Looking through this lens, many of the investments that are often discussed under climate adaptation begin to look very different. A resilient transport corridor is not simply a road designed to withstand climate shocks. It is an economic asset that lowers transport costs, connects producers to markets and strengthens regional trade. A climate-smart warehouse does more than protect agricultural produce; it reduces losses, improves productivity, and increases the value of agricultural supply chains. Digital trade platforms, cold chains and irrigation systems all contribute to resilience, but they also generate commercial value. These investments protect communities from climate risks while supporting businesses, creating jobs and strengthening markets.
One of the most thought-provoking discussions at the Summit centred on trade itself. We rarely describe trade as a climate adaptation strategy, yet perhaps we should. When farmers can access regional markets despite local climate shocks, they are better able to sustain their incomes. When efficient border systems reduce delays that would otherwise spoil perishable goods, they strengthen food security. When transport corridors remain operational during periods of disruption, businesses continue trading and communities continue accessing essential goods. In each of these examples, trade is not simply moving goods and services; it is helping people and economies adapt to a changing climate.
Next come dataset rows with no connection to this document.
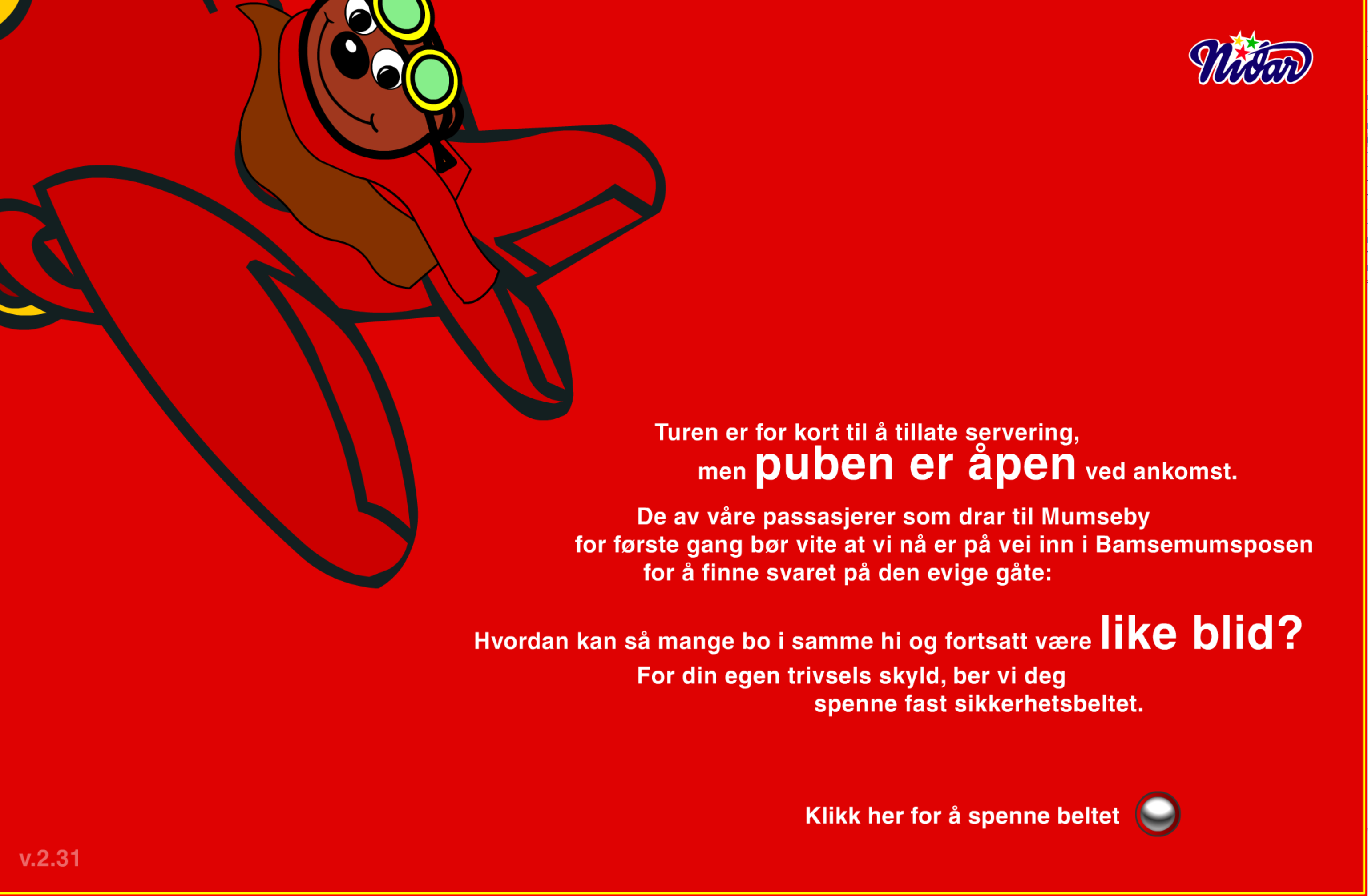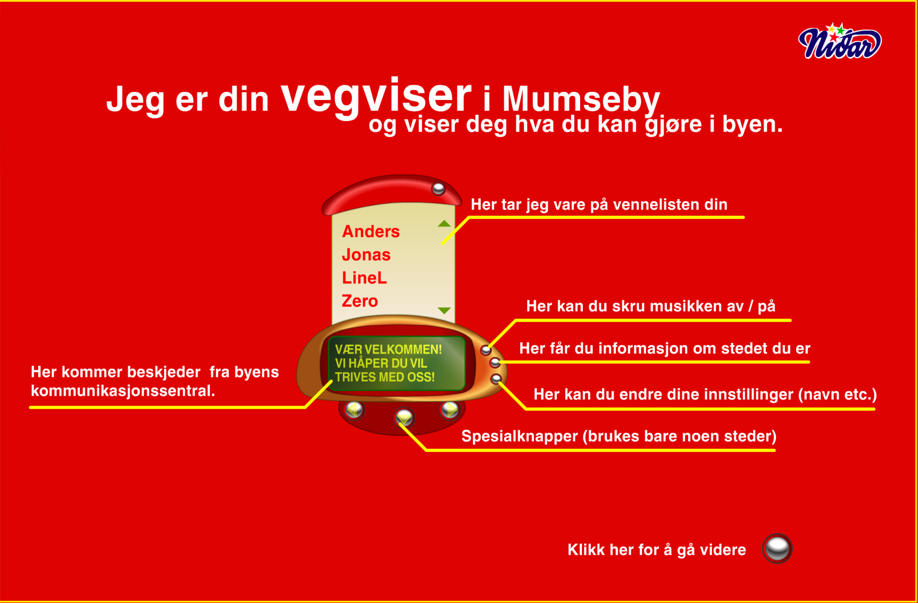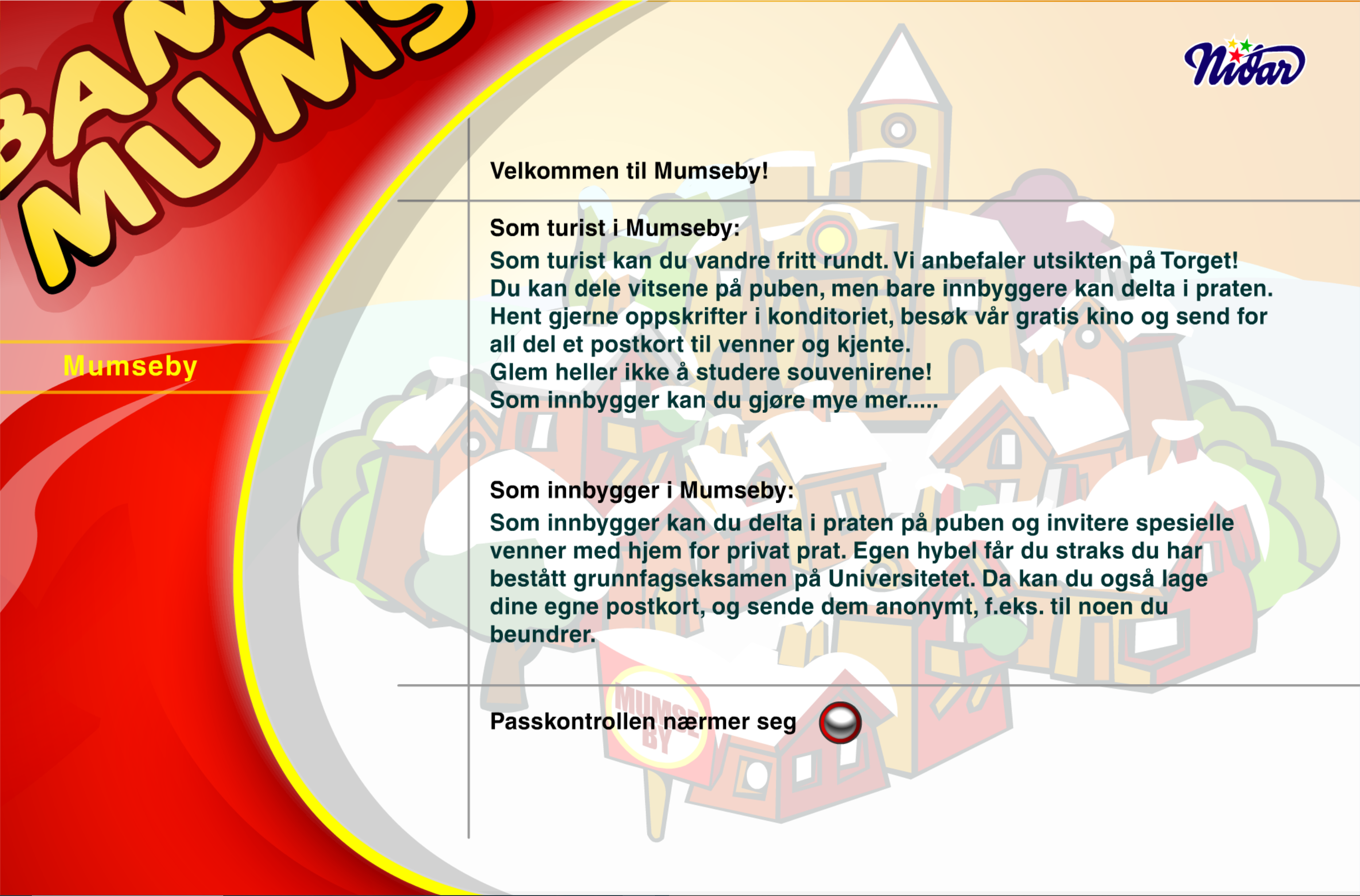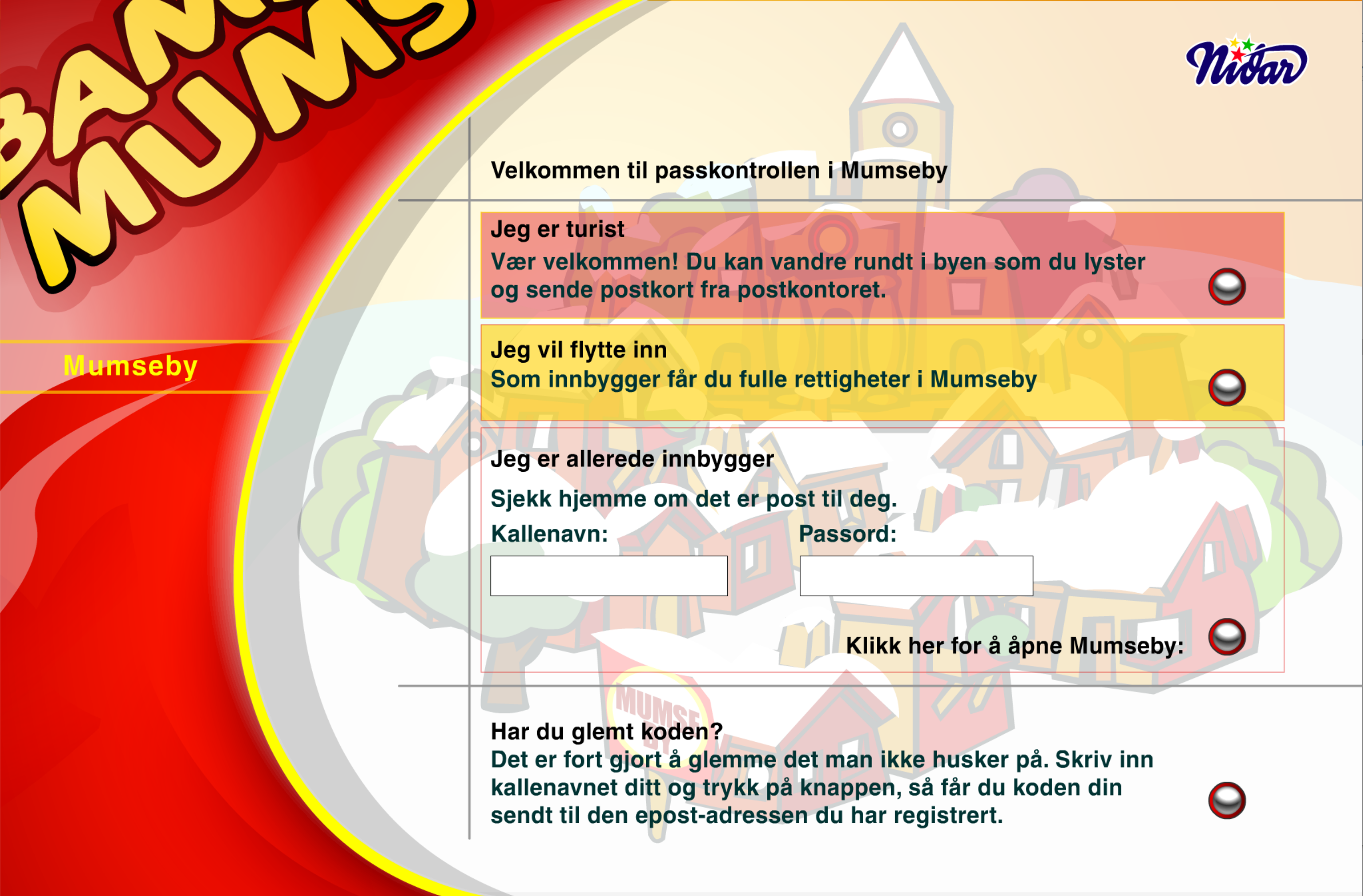 The city was an interactive application hosted on the domain mumseby.no. It popped up as it's own window, so you could keep browsing in the main window with Mumseby on the side. As was common in the days of Flash, some preloading was required. We spent that time showing some initial information about your trip to Mumseby:
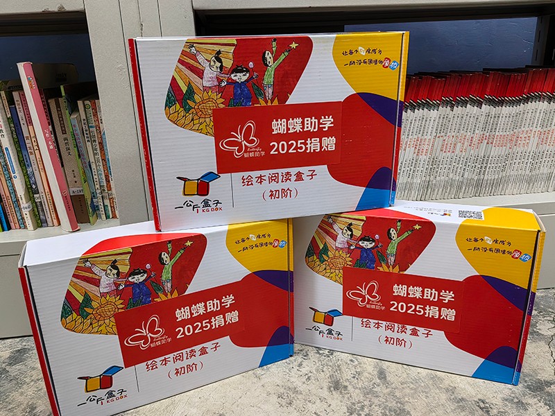 2025年3月,蝴蝶助学“阅动计划”项目,为从江县停洞镇中心小学捐赠19个班级"蝴蝶助学公益图书角",首批投放书架19个、图书2000册以及配套阅读物资一批,捐赠价值5.3万余元,将惠及全校学生1300多人。
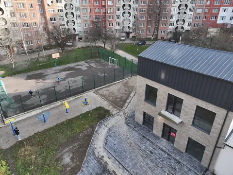 Територія облагороджена, з бруківкою та парковка поруч
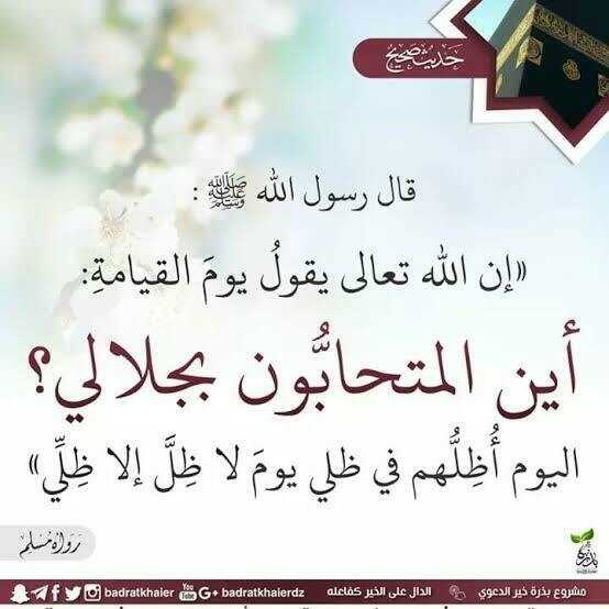 ✍عَنْ أَبِي هُرَيْرَةَ رَضِيَ اللهُ عَنْهُ قَالَ: قَالَ رَسُولُ اللَّهِ صَلَّى اللَّهُ عَلَيْهِ وَسَلَّمَ : "إِنَّ اللَّهَ تَبَارَكَ وَتَعَالَى يَقُولُ يَوْمَ الْقِيَامَةِ: أَيْنَ الْمُتَحَابُونَ بِجَلَالِي؟ الْيَوْمَ أَظْلُّهُمْ فِي ظِلِّي يَوْمَ لَا ظل إلا ظلى"
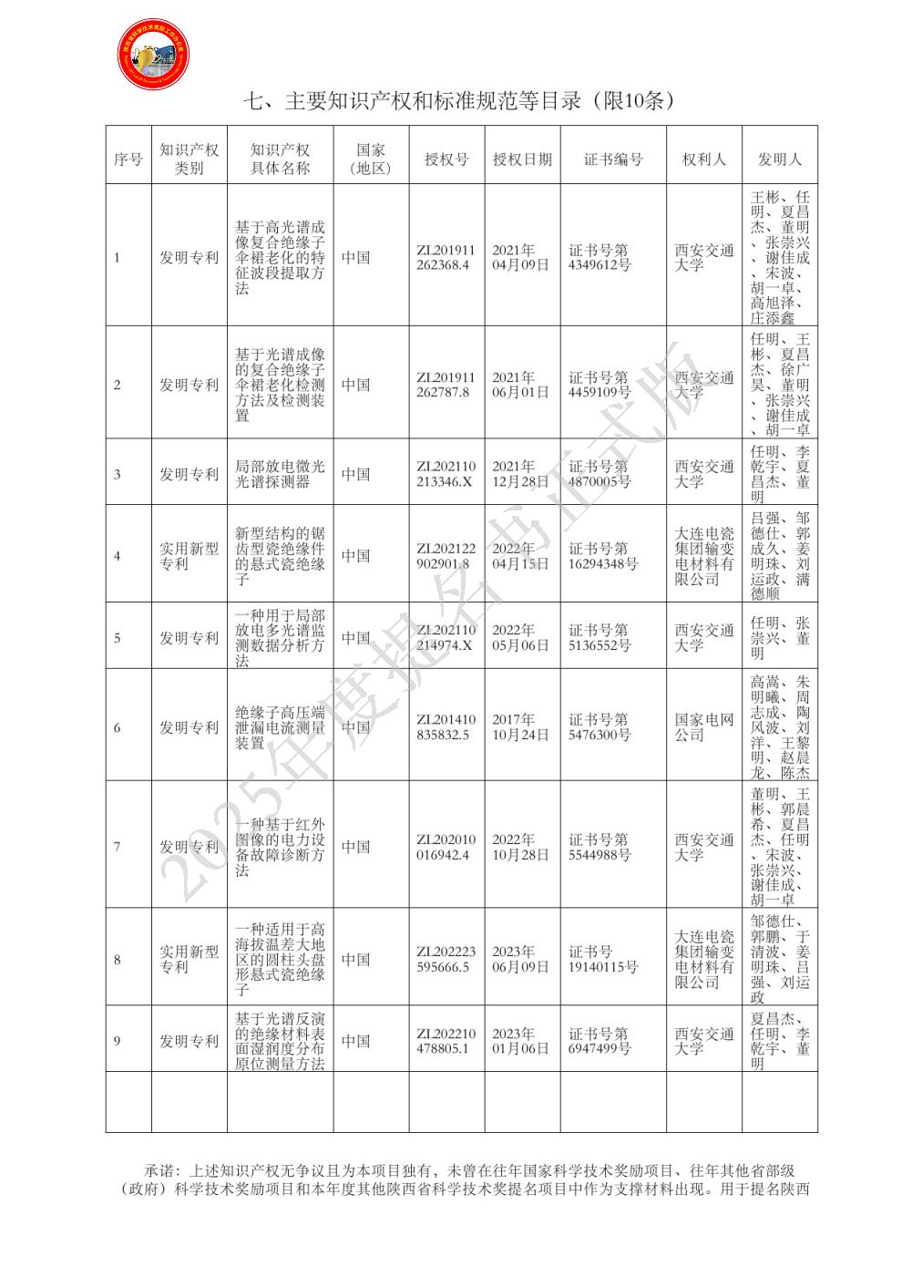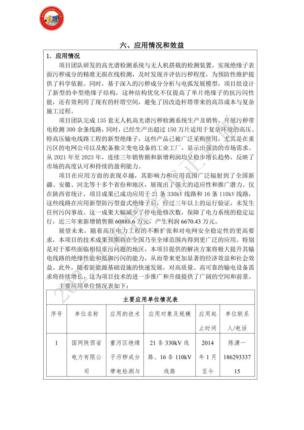 排名:7 行政职务:副主任 技术职称:高级工程师 工作单位:国网陕西省电力有限公司 对本项目技术创造性贡献:协助完成了结构优化后的绝缘子线路应用,协助进行了陕西地区绝缘子表面污秽成分高光谱数据库建立。对创新点1、3项均做出了重要贡献。[旁证材料:鉴定证书,验收报告,查新报告等]。
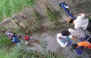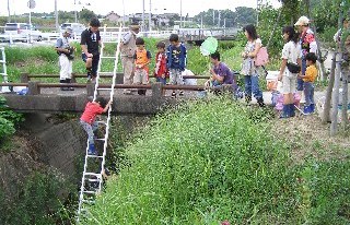 非常に強い台風13号が沖縄の西にありその影響でしょうか、時々パラパラと雨が舞っていました。しかし、大きく崩れそうにないので決行しました。梅の館から観察する現地まで徒歩で移動しました。信濃川は両端がコンクリートの壁で、川に降りるところがないのでアルミのハシゴを使って川に降りました。川は最近浚渫された為、ずいぶん高低差があり、降りるのにチョットした冒険的気分になりました。川底に土がたまった部分があり、そこにマコモが繁茂し、生き物が住み易い環境となっていました。川底の所々が砂質になっていたので、砂質のところが好きなカマツカがたくさん観察できました。水質が良くなっているのでしょうか、石の下できれいな水に住むウズムシを観察しました。また、それぞれ違う環境に住んでいるタイコウチとヒメタイコウチを観察することができました。
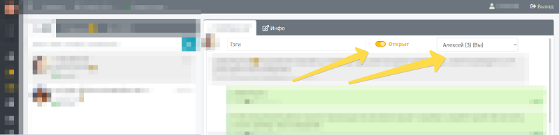 9.2 За каждым чатом можно назначить ответственного пользователя. Ответственным можно назначить себя или любого другого пользователя, выбрав его из списка в правом верхнем углу открытого чата. Там же в списке назначения зеленым подсвечены пользователи Online + число назначенных чатов. Также можно снять ответственного и переместить чат в общий список - Открытые. При ответе на чат пользователь автоматически становится ответственным за чат.

These ideas carried into the breakout session convened by Trade Catalyst Africa and TradeMark Africa on Investing, Trade and Innovation: Financing Climate-Resilient Agri-Food Corridors in Africa. The discussion brought together voices from continental policy institutions, commercial banking, infrastructure, technology, agricultural development and county government. Although each participant approached the conversation from a different perspective, they reached a remarkably similar conclusion. Climate-resilient trade corridors cannot be delivered through infrastructure alone. Roads and border posts may provide the physical backbone, but they must be complemented by finance that enables businesses to grow, technology that improves efficiency, policies that reduce barriers to trade and institutions that create confidence for investors. It is only when these different components work together that markets become more competitive, businesses become more resilient, and investment can flow with confidence.
This is, ultimately, the principle that underpins Trade Catalyst Africa’s work. Our role is not simply to finance infrastructure or increase access to trade finance for small and medium-sized enterprises (SMEs) in isolation. It is to help build functioning markets where infrastructure, finance, technology, and policy reinforce one another, creating commercially viable opportunities capable of attracting both public and private investment. Whether supporting trade infrastructure, improving access to finance for SMEs or structuring investment opportunities along regional trade corridors, our objective remains the same: to make trade more investable.
The conversations at AISA reinforced that this approach is just as relevant for climate adaptation as it is for trade. Africa will undoubtedly continue to require significant public investment, development finance and philanthropic support to respond to climate change. However, if adaptation is to move beyond pilot projects and achieve the scale the continent requires, we must devote as much attention to building investment-ready markets as we do to discussing financing gaps. Because, ultimately, capital does not flow simply towards need. It flows towards opportunity.